START SUPPLIED DATA
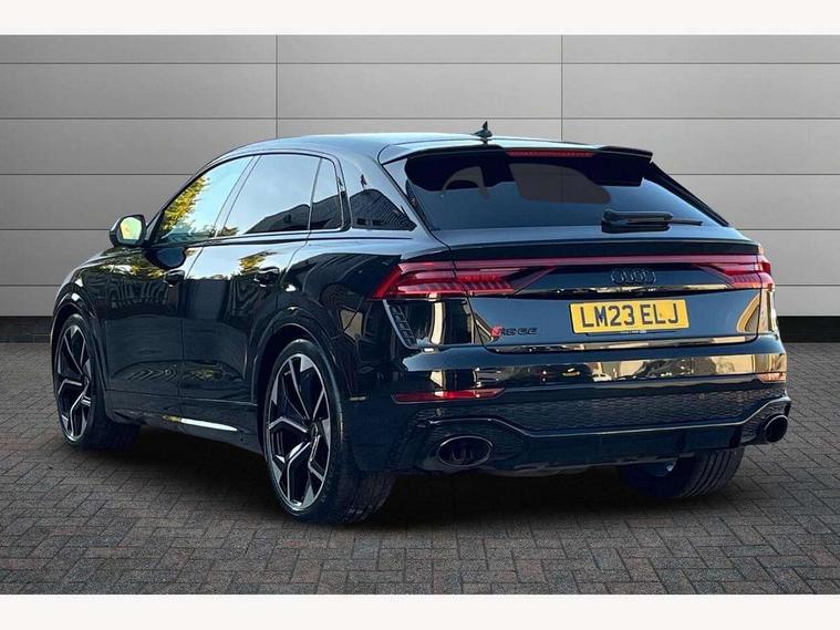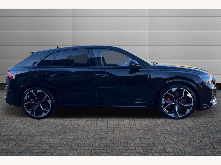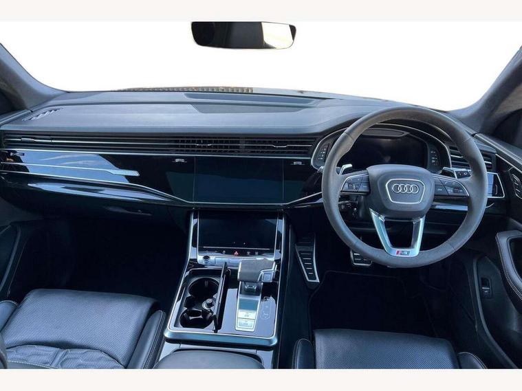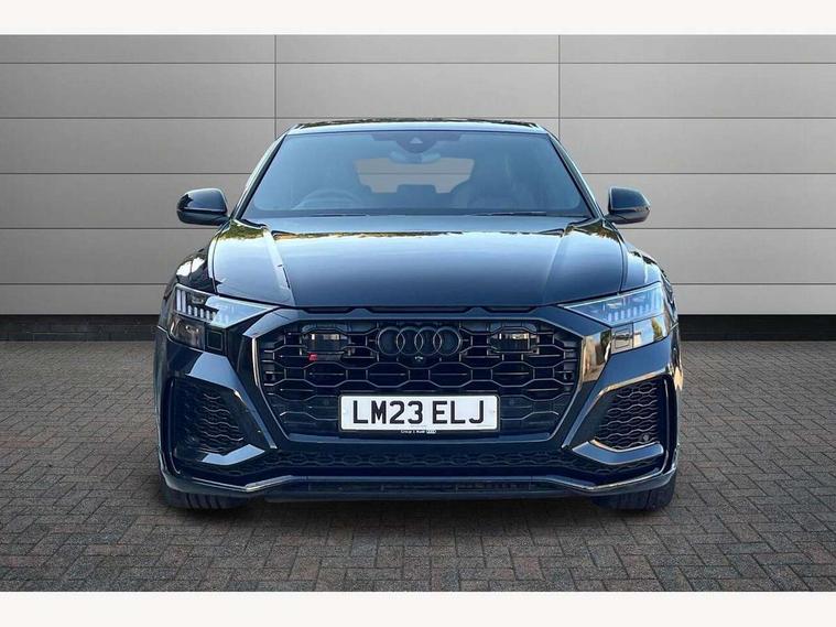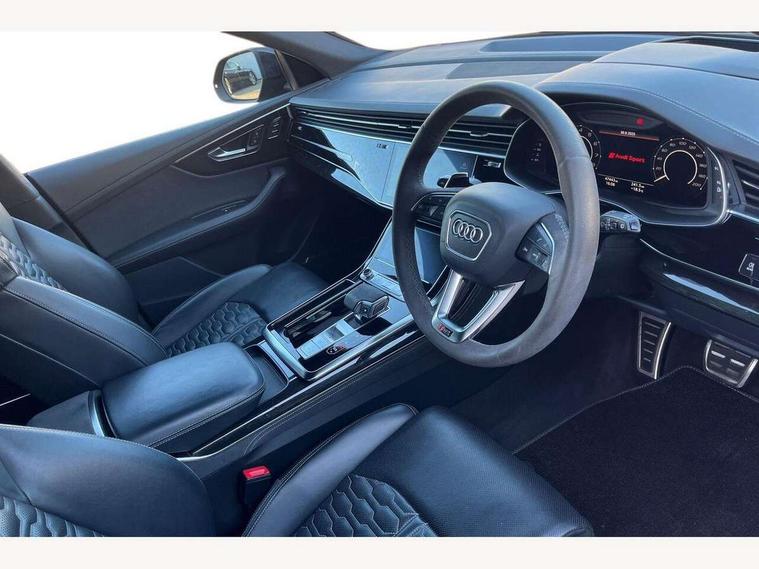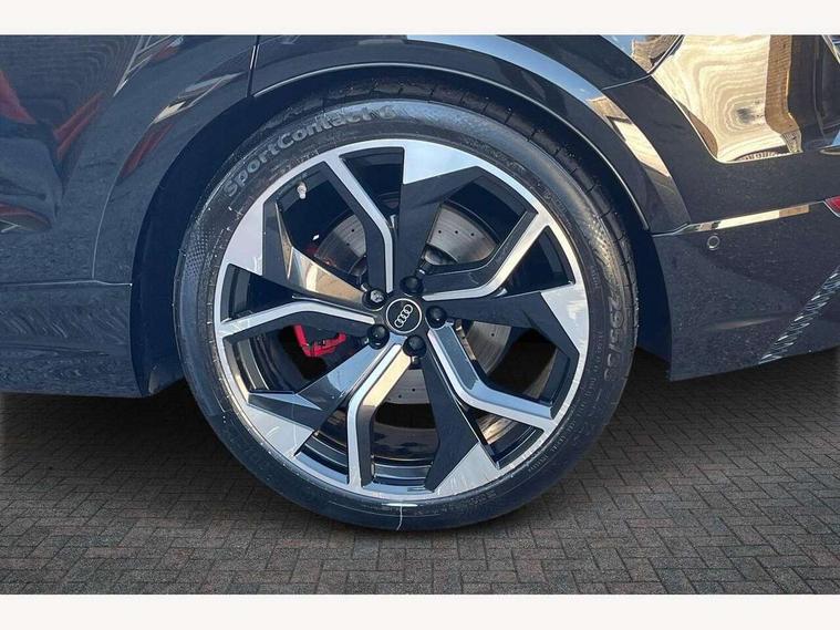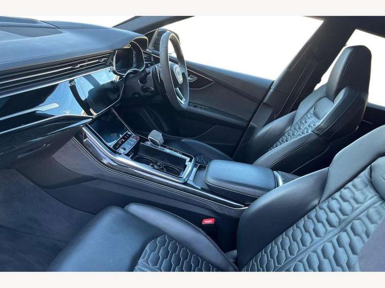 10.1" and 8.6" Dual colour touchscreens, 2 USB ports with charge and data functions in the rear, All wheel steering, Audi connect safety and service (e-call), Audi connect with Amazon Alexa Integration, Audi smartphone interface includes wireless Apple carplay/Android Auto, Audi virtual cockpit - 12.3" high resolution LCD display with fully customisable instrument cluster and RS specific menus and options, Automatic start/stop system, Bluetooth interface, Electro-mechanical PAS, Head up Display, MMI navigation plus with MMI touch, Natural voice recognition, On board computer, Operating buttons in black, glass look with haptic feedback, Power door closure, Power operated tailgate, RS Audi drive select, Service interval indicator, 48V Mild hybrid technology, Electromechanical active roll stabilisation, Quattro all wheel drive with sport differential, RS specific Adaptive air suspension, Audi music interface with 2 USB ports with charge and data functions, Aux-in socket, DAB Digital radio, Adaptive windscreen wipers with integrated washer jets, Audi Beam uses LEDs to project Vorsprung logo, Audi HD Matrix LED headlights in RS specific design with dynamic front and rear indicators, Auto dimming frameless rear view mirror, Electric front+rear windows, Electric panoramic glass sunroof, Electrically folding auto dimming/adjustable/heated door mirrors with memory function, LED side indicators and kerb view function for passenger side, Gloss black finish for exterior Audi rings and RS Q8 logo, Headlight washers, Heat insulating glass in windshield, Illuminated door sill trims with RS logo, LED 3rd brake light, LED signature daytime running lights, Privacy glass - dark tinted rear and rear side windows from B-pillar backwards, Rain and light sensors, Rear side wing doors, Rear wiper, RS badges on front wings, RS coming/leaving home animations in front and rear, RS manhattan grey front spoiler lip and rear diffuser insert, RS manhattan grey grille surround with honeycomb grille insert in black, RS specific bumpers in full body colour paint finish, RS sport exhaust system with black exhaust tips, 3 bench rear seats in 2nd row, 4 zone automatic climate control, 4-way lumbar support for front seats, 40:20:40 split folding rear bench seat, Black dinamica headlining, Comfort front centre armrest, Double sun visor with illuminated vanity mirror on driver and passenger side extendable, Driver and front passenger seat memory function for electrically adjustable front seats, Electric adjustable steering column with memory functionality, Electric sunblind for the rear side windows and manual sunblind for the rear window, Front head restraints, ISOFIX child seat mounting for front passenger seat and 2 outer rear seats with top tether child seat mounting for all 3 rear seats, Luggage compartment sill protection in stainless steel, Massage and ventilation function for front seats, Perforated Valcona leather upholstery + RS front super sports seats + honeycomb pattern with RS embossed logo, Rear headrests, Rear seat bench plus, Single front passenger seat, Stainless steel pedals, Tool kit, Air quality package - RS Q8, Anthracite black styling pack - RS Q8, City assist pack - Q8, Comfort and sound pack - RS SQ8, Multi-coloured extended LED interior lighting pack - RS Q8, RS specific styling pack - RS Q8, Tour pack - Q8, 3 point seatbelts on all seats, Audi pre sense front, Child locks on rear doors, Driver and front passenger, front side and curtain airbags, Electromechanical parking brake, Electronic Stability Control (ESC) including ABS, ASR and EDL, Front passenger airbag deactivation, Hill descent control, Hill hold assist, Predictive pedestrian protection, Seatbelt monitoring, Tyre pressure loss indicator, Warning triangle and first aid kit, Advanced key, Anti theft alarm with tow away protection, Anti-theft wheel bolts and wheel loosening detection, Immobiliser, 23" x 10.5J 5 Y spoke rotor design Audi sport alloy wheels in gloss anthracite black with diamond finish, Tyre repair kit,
END SUPPLIED DATA
START SUPPLIED DATA
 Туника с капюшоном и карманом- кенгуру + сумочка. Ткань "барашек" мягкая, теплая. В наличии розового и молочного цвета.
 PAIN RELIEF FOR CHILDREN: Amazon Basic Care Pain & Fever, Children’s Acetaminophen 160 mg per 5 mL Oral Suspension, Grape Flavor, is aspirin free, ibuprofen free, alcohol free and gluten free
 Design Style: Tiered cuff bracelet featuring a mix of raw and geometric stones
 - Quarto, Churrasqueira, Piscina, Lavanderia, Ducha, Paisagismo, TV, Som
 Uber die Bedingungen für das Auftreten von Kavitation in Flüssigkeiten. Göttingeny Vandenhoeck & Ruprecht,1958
END SUPPLIED DATA
▶ YOUR TASK
In the listing above, find the line with "PAIN RELIEF FOR" and the line with "Uber die Bedingungen", then print exactly those two lines and every line between them, and nothing more.

▶ SOLUTION TO THE EXERCISE
 PAIN RELIEF FOR CHILDREN: Amazon Basic Care Pain & Fever, Children’s Acetaminophen 160 mg per 5 mL Oral Suspension, Grape Flavor, is aspirin free, ibuprofen free, alcohol free and gluten free
 Design Style: Tiered cuff bracelet featuring a mix of raw and geometric stones
 - Quarto, Churrasqueira, Piscina, Lavanderia, Ducha, Paisagismo, TV, Som
 Uber die Bedingungen für das Auftreten von Kavitation in Flüssigkeiten. Göttingeny Vandenhoeck & Ruprecht,1958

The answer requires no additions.